### Brief
Among the lines of the listing below, retype exactly those from the one containing "1846 (December 26), Colombo" through the one containing "Credits: J M", both included. Do not include pictures.

(Beginning of Provided data)

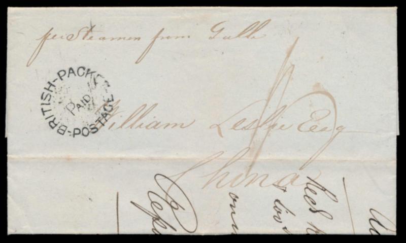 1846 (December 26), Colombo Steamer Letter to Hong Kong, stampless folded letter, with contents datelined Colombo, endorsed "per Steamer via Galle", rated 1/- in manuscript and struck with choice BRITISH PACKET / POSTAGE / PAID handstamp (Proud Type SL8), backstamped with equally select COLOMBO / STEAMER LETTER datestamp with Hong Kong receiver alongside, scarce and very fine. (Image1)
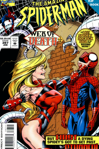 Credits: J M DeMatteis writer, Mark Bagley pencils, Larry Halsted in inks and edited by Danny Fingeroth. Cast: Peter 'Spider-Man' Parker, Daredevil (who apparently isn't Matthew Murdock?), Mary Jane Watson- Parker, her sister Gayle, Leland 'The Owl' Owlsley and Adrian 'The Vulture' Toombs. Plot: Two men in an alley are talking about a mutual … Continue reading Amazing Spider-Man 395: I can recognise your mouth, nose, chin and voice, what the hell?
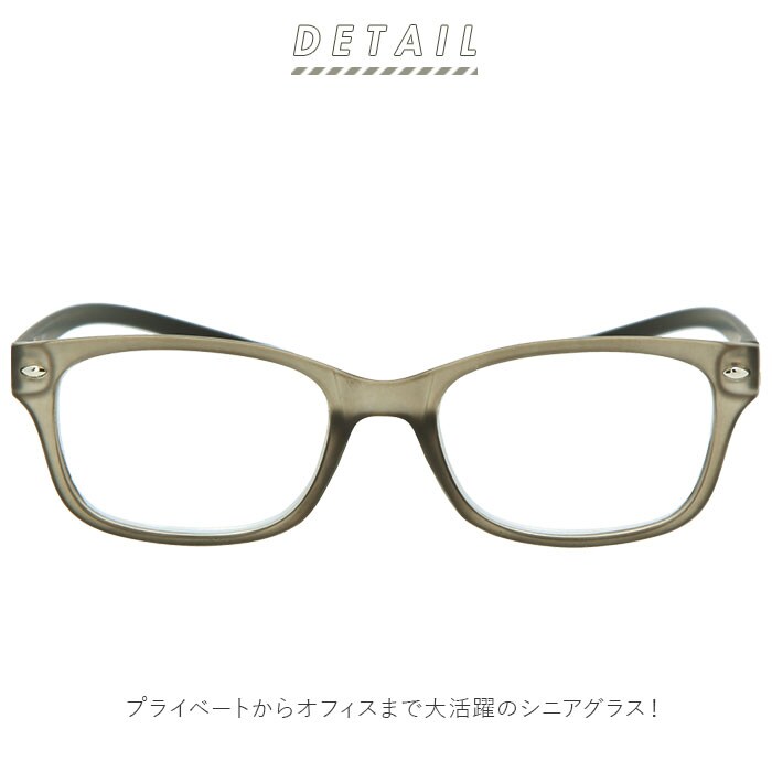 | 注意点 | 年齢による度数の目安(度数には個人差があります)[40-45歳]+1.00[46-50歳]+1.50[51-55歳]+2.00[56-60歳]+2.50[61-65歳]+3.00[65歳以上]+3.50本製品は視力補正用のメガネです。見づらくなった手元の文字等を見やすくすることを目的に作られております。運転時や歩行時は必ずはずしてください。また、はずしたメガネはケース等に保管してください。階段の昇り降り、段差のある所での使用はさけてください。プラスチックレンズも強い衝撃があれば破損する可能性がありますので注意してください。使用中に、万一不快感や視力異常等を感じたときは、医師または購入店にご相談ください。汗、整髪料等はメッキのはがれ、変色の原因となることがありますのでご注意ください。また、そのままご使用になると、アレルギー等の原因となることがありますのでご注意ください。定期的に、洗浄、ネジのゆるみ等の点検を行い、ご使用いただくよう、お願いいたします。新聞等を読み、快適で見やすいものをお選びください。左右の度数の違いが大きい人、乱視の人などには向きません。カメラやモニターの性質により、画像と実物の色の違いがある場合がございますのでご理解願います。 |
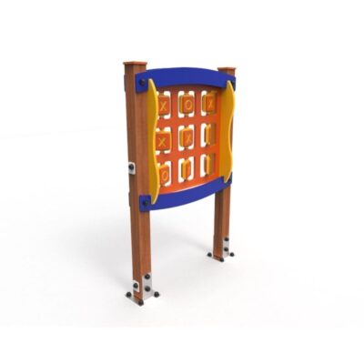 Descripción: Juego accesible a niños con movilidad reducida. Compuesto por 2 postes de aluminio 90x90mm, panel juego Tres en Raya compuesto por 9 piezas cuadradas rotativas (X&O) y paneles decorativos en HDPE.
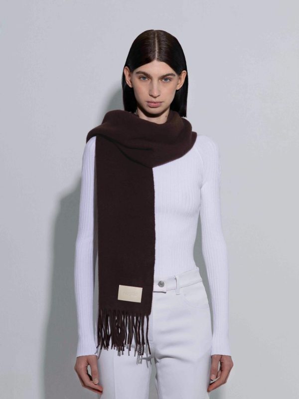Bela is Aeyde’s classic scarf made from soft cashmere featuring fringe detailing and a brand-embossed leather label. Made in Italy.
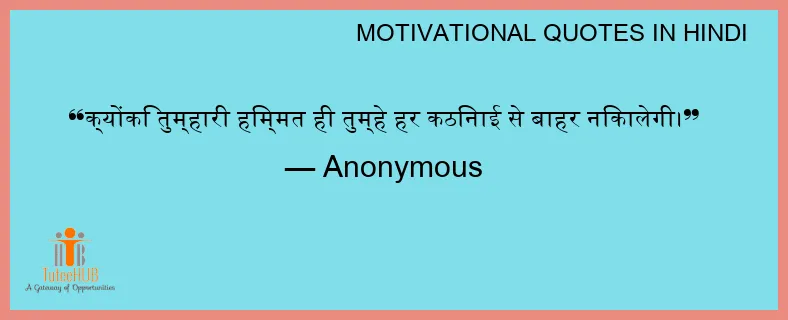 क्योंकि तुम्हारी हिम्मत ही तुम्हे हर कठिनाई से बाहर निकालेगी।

(End of Provided data)
(Beginning of Provided data)

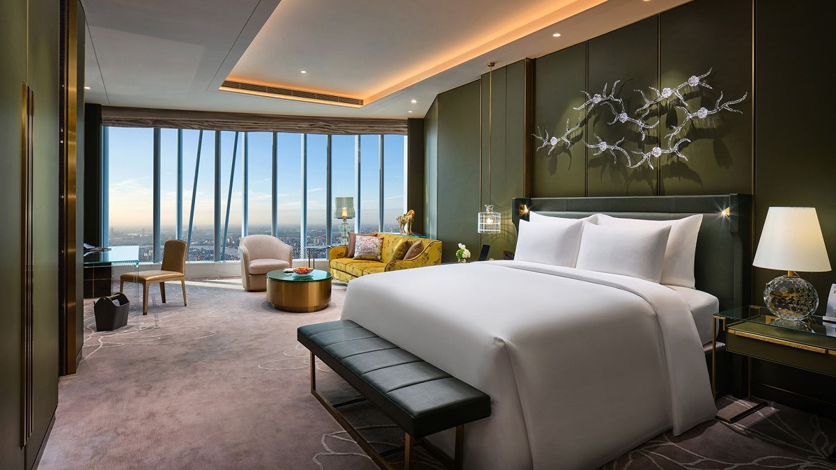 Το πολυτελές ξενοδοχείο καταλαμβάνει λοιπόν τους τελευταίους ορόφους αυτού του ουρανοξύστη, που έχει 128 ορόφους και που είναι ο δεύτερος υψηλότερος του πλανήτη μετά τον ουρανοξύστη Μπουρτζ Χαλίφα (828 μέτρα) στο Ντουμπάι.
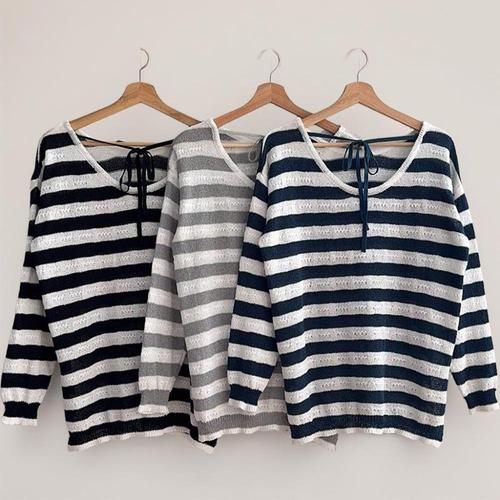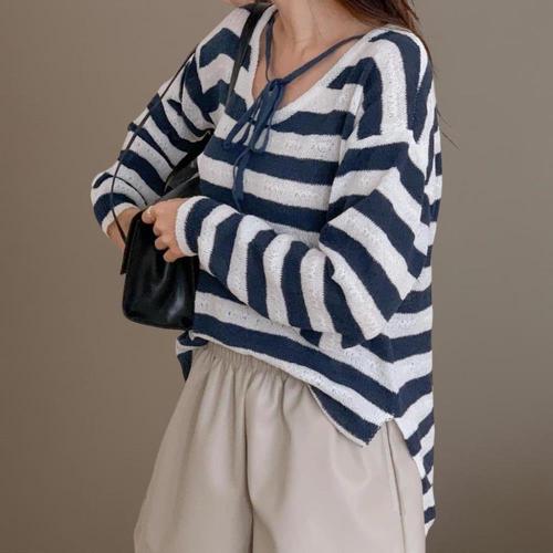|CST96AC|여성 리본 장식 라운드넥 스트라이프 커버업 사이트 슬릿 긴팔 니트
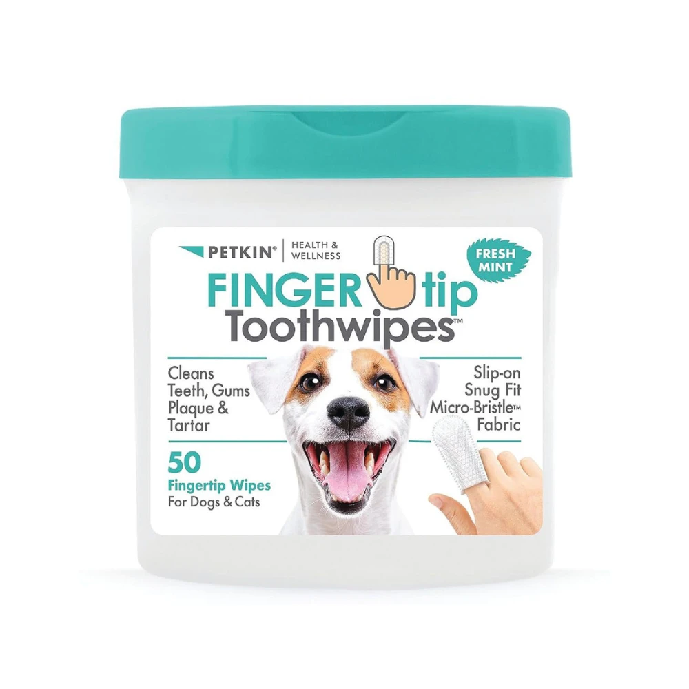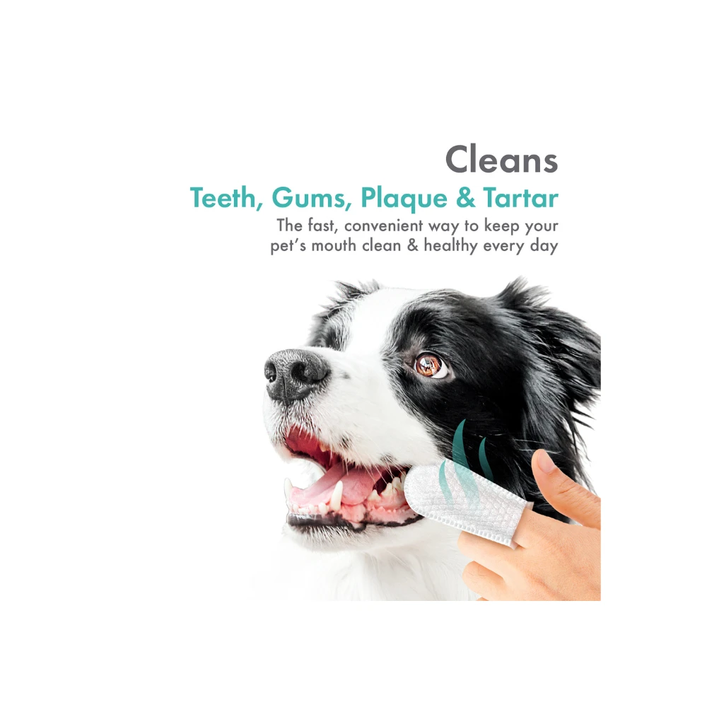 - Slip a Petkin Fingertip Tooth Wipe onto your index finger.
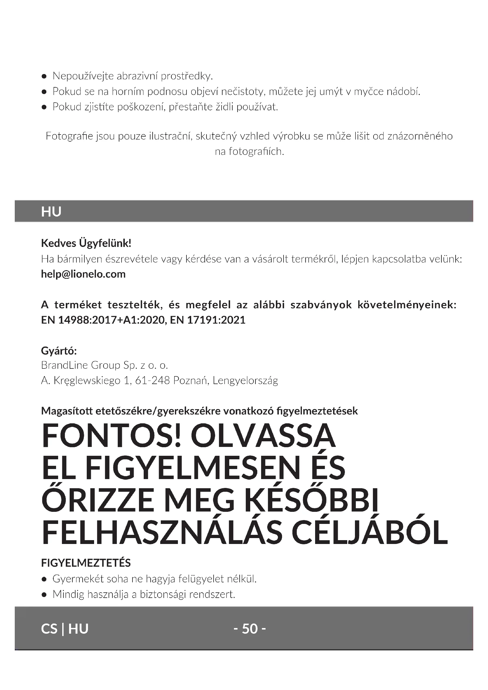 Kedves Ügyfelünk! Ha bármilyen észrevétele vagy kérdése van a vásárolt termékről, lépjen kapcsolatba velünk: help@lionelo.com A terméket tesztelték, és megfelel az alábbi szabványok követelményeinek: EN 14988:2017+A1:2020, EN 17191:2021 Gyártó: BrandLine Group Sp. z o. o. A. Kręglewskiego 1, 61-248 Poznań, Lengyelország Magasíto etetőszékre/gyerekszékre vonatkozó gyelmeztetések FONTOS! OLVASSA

(End of Provided data)
(Beginning of Provided data)

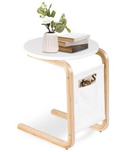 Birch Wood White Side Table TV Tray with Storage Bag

(End of Provided data)

### Written answer
 1846 (December 26), Colombo Steamer Letter to Hong Kong, stampless folded letter, with contents datelined Colombo, endorsed "per Steamer via Galle", rated 1/- in manuscript and struck with choice BRITISH PACKET / POSTAGE / PAID handstamp (Proud Type SL8), backstamped with equally select COLOMBO / STEAMER LETTER datestamp with Hong Kong receiver alongside, scarce and very fine. (Image1)
 Credits: J M DeMatteis writer, Mark Bagley pencils, Larry Halsted in inks and edited by Danny Fingeroth. Cast: Peter 'Spider-Man' Parker, Daredevil (who apparently isn't Matthew Murdock?), Mary Jane Watson- Parker, her sister Gayle, Leland 'The Owl' Owlsley and Adrian 'The Vulture' Toombs. Plot: Two men in an alley are talking about a mutual … Continue reading Amazing Spider-Man 395: I can recognise your mouth, nose, chin and voice, what the hell?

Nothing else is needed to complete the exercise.